Fight Club was a martial arts TV magazine program, created by Samuel Pagal and broadcast by the French based, pan-European broadcasting sports channel Eurosport. The program includes various events, bouts and special features of kickboxing throughout the world.

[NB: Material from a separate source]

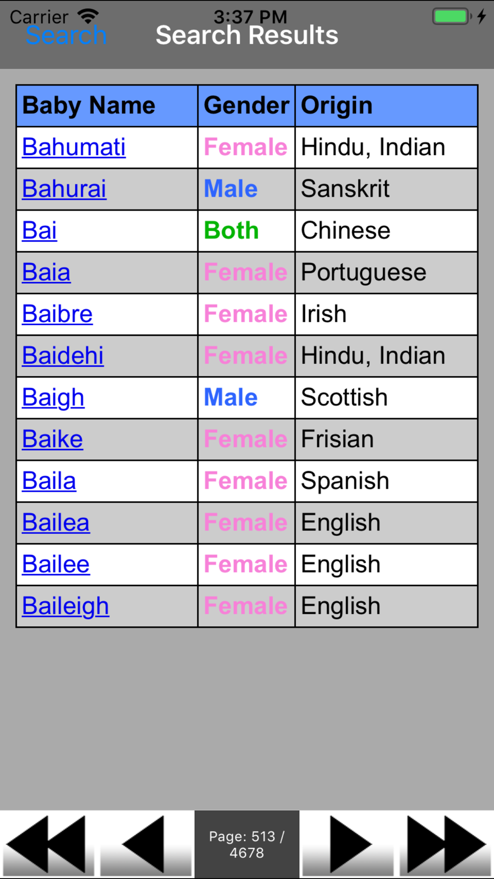 Simple to use baby naming application! With an easy to use interface, browse over 56,000+ baby names from all over the world. See name's, gender, origin, pronunciation and meaning. Search by partial name, navigate names indexed by alphabet or origin. A convenient and great way to search for your newborns name.

Fight Club was aired on 21:00 CET on Thursdays. The replays were generally scheduled in weekends in shortened versions.

==Content==
The Fight Club program was notable for airing K-1 events. Its whole calendar was usually shown over the course of the year. The K-1 martial arts organization had tournaments in K-1 MAX for a 70.5 kg (155 lb) weight division, and in K-1 World Grand Prix for the +90 kg (200 lb) weight division. In addition, fight club often covered various kickboxing and Muay Thai events from Europe, within modified rules in European standards.

==Featured events==

| Organization | Country | Discipline(s) | Notes |
|---|---|---|---|
| Le Choc des Titans | France | Kickboxing |  |
| K-1 | Japan | Kickboxing |  |
| WAKO Pro World Grand Prix | Italy | Kickboxing |  |
| United Glory | Netherlands | Kickboxing |  |
| It's Showtime | Netherlands | Kickboxing/MMA |  |
| Klash Events | Netherlands | Kickboxing |  |
| King of Kings | Lithuania | Kickboxing |  |
| SLAMM!! Events | Netherlands | Kickboxing |  |
| Champions League | Portugal | Kickboxing |  |
| SUPERKOMBAT | Romania | Kickboxing |  |
| World Freefight Challenge (WFC) | Slovenia | Kickboxing/MMA |  |
| Thailand VS Challenger Series | Thailand | Muay Thai |  |
| Ring Masters | Turkey | Kickboxing |  |
| King of Kings | Moldova | Kickboxing |  |

===Top 10 KOs===
The program also supplies special features like exclusive interviews with fighters and a popular Top 10 KOs list, which encloses the most spectacular knock outs made that year.

==Commentators==
Eurosport broadcasts in 20 different languages all around Europe and in English in Asia-Pacific Zone. The commentators for each language are below:

| Language | Commantator(s) | Notes |
Central and West Europe
| Dutch | Fred Royers |  |
| English | Will Vanders |  |
| French | Samuel Pagal / Charles-Henri Odin / Pascal Iglicki |  |
| Portuguese | Carlos Ramjanali |  |
Eastern Europe and Balkans
| Bulgarian | Kamen Petrov & Ognian Georgiev |  |
| Czech | Ondrej Novotny & Jan Dominec |  |
| Hungarian | Ferenc Várhegyi & Róbert Opál |  |
| Polish | Andrzej Janisz & Piotr Zwierzchowski |  |
| Romanian | Teo Avramescu & Alex Ganci |  |
| Russian | Stanislav Golovanov |  |
| Serbian | Dusko Milanovic |  |
Scandinavia
| Danish | Tania Presutti |  |
| Finnish | Simo Halmevuo & Petri Martinez |  |
| Norwegian | No local commentary, broadcast in English |  |
| Swedish | Kasra Ashami & Ronny Lindqvist |  |
Southern Europe
| Greek | Makis Kolethras |  |
| Italian | Dario Puppo & Stefania Bianchini |  |
| Spanish | Emilio Marquiegui |  |
| Turkish | Umut Isik & Birol Topuz |  |
Former Rosters
| Italian | Giorgio Ambrogi |  |
| Russian | Roman Mazurov |  |
| Serbian | Ognjen Veljic |  |
| Swedish | Jörgen Kruth |  |

===Technical support===
The program was edited in Eurosport Central Building studios which is located in Issy-Les-Moulineaux commune, Paris by Samuel Pagal, Annie Vicaire and Charle-Henri Odin, the editors of the show.